### Exercise prompt
Given the entries that follow, write out exactly the lines starting at the one containing "6月11-12日,由中国市场" and ending at the one containing "This unique tee", both ends included, and only those.

### Recorded data
BEGIN
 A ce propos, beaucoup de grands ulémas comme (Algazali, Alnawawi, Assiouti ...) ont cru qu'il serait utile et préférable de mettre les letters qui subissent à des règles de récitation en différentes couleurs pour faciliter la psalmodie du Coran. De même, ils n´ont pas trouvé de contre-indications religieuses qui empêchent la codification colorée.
END
BEGIN
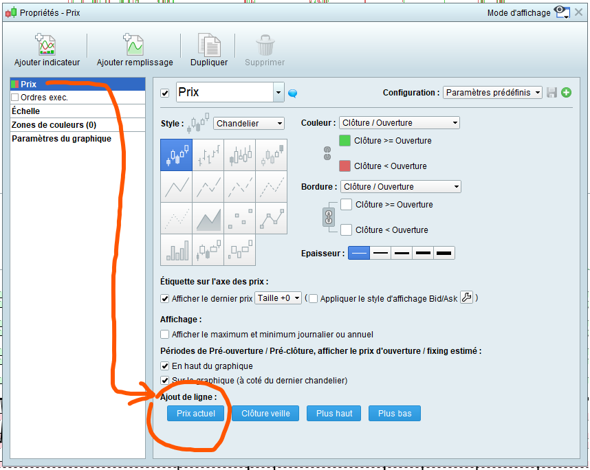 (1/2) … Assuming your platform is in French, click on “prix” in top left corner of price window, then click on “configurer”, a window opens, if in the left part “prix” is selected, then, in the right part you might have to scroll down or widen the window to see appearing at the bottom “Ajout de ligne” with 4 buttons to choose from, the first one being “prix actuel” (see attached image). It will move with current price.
END
BEGIN
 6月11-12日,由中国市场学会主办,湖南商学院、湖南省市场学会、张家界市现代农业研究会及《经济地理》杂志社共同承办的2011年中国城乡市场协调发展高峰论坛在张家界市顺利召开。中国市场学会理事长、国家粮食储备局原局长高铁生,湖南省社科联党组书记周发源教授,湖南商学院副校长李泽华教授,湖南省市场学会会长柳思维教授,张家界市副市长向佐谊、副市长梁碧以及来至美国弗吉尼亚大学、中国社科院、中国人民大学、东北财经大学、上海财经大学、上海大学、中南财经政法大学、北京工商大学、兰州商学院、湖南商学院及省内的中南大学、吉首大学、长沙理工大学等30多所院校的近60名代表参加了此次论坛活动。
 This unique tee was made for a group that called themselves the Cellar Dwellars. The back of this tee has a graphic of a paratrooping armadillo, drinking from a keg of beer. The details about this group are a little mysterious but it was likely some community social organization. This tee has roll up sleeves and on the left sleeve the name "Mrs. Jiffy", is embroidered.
END
### Result for this task
 6月11-12日,由中国市场学会主办,湖南商学院、湖南省市场学会、张家界市现代农业研究会及《经济地理》杂志社共同承办的2011年中国城乡市场协调发展高峰论坛在张家界市顺利召开。中国市场学会理事长、国家粮食储备局原局长高铁生,湖南省社科联党组书记周发源教授,湖南商学院副校长李泽华教授,湖南省市场学会会长柳思维教授,张家界市副市长向佐谊、副市长梁碧以及来至美国弗吉尼亚大学、中国社科院、中国人民大学、东北财经大学、上海财经大学、上海大学、中南财经政法大学、北京工商大学、兰州商学院、湖南商学院及省内的中南大学、吉首大学、长沙理工大学等30多所院校的近60名代表参加了此次论坛活动。
 This unique tee was made for a group that called themselves the Cellar Dwellars. The back of this tee has a graphic of a paratrooping armadillo, drinking from a keg of beer. The details about this group are a little mysterious but it was likely some community social organization. This tee has roll up sleeves and on the left sleeve the name "Mrs. Jiffy", is embroidered.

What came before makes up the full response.